■ DIRECTIONS FOR THIS TASK:
The goal is a clean copy of all the data below, with pictures dropped and everything else retyped exactly.

■ INFORMATION SHOWN:
------------------------------------------------------------

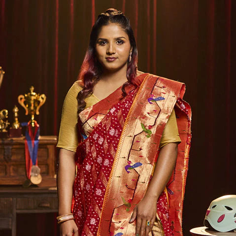 RED Mangalkari Viscouse Silk Print n Weaving Work
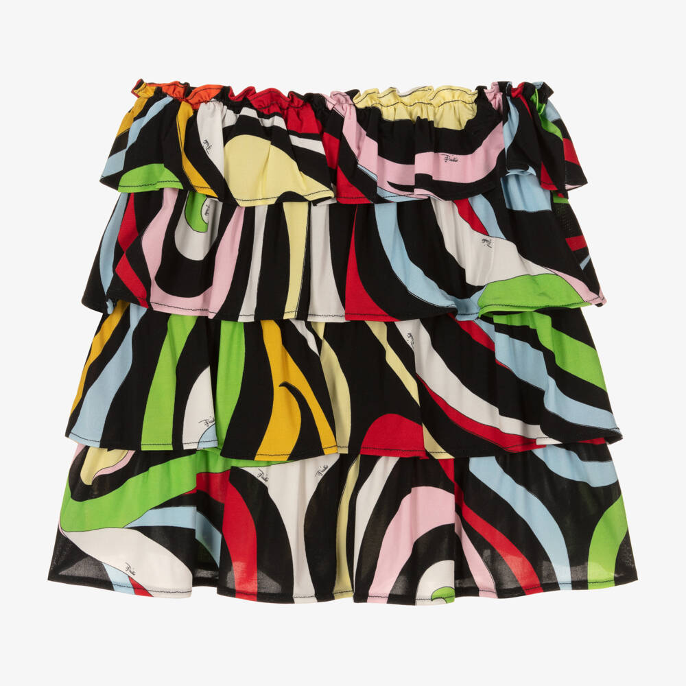 As seen in the main collection from Italian brand Emilio Pucci, black skirt patterned with a colourful Marmo print for teen girls. Silky smooth and lightweight, this beautiful skirt has layered tiers for a feminine silhouette and an elasticated waist for comfortable, easy wear.
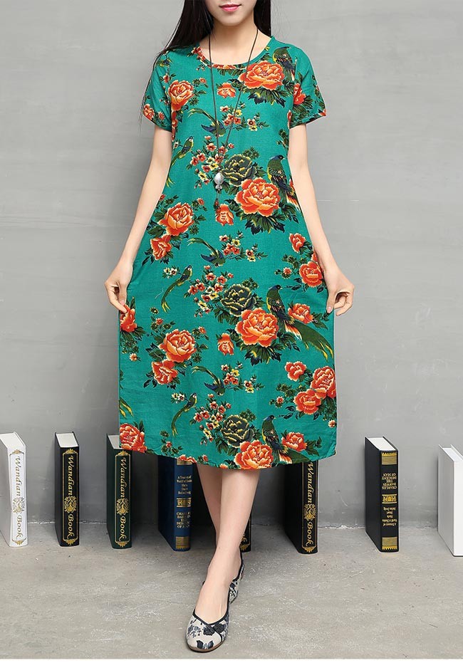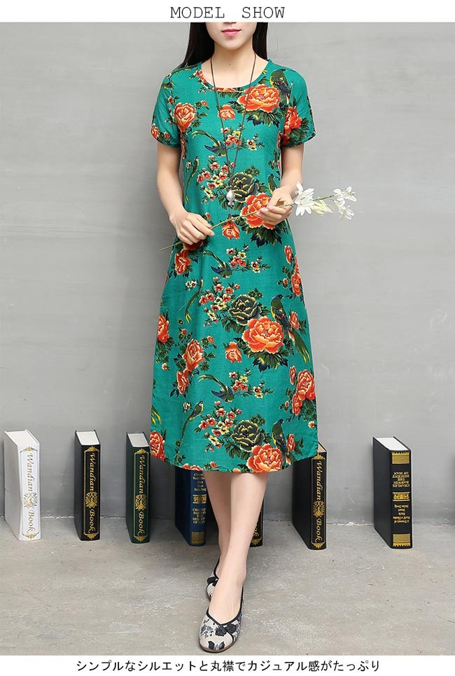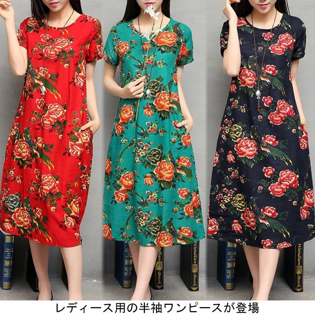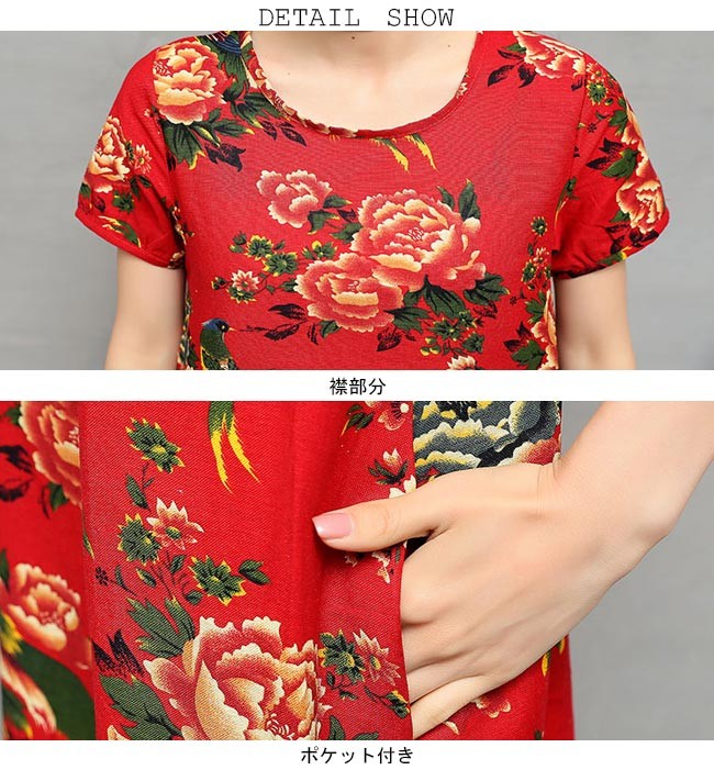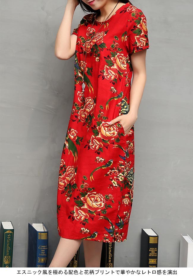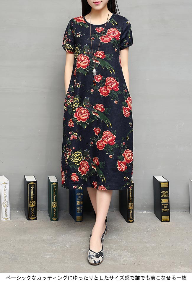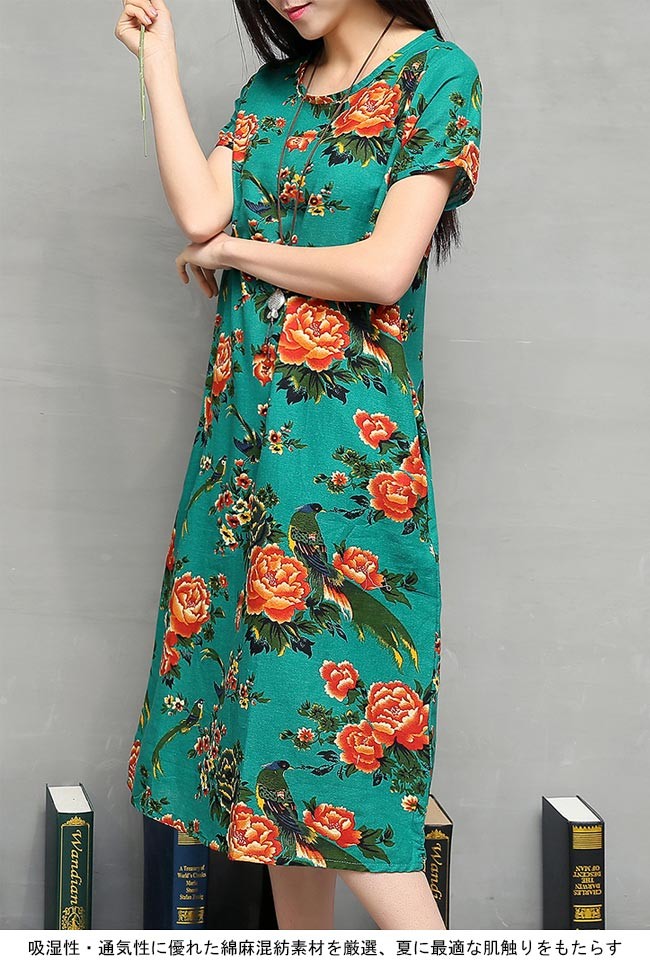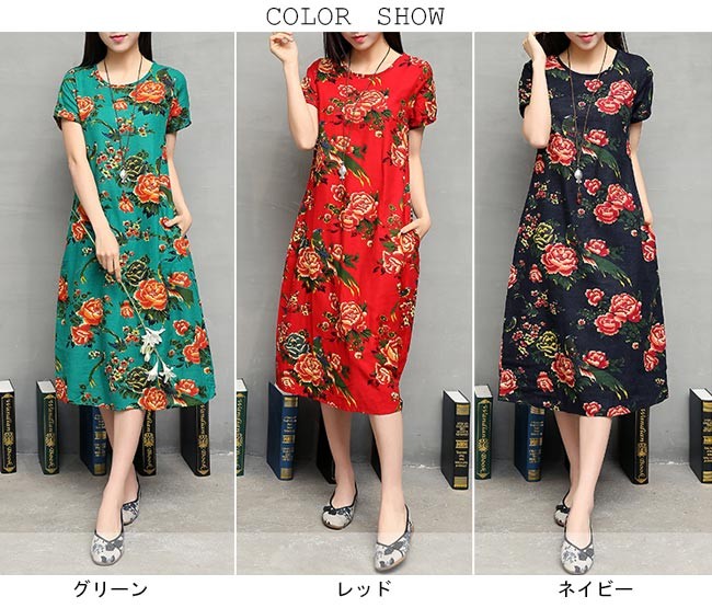 半袖ワンピース ロング丈 レディース 丸襟 花柄 レトロ ワンピース ゆったり エスニック柄 女性用 ロングワンピ 夏物 薄手 カジュアルレディース用の半袖ワンピースが登場シンプルなシルエットと丸襟でカジュアル感がたっぷり吸湿性・通気性に優れた綿麻混紡素材を厳選、夏に最適な肌触りをもたらすエスニック風を極める配色と花柄プリントで華やかなレトロ感を演出ベーシックなカッティングにゆったりとしたサイズ感で誰でも着こなせる一枚カラー:グリーン レッド ネイビー素材 綿麻混紡サイズ(cm) M L XL 2XLM バスト96 総丈105 肩幅37br>L バスト100 総丈106 肩幅38XL バスト104 総丈107 肩幅392XL バスト108 総丈108 肩幅40ご注意:※サイズは平置きサイズです。素人採寸ですので、若干の誤差がございます、ご了承ください。

------------------------------------------------------------

■ RESULT OF THIS TASK:
 RED Mangalkari Viscouse Silk Print n Weaving Work
 As seen in the main collection from Italian brand Emilio Pucci, black skirt patterned with a colourful Marmo print for teen girls. Silky smooth and lightweight, this beautiful skirt has layered tiers for a feminine silhouette and an elasticated waist for comfortable, easy wear.
 半袖ワンピース ロング丈 レディース 丸襟 花柄 レトロ ワンピース ゆったり エスニック柄 女性用 ロングワンピ 夏物 薄手 カジュアルレディース用の半袖ワンピースが登場シンプルなシルエットと丸襟でカジュアル感がたっぷり吸湿性・通気性に優れた綿麻混紡素材を厳選、夏に最適な肌触りをもたらすエスニック風を極める配色と花柄プリントで華やかなレトロ感を演出ベーシックなカッティングにゆったりとしたサイズ感で誰でも着こなせる一枚カラー:グリーン レッド ネイビー素材 綿麻混紡サイズ(cm) M L XL 2XLM バスト96 総丈105 肩幅37br>L バスト100 総丈106 肩幅38XL バスト104 総丈107 肩幅392XL バスト108 総丈108 肩幅40ご注意:※サイズは平置きサイズです。素人採寸ですので、若干の誤差がございます、ご了承ください。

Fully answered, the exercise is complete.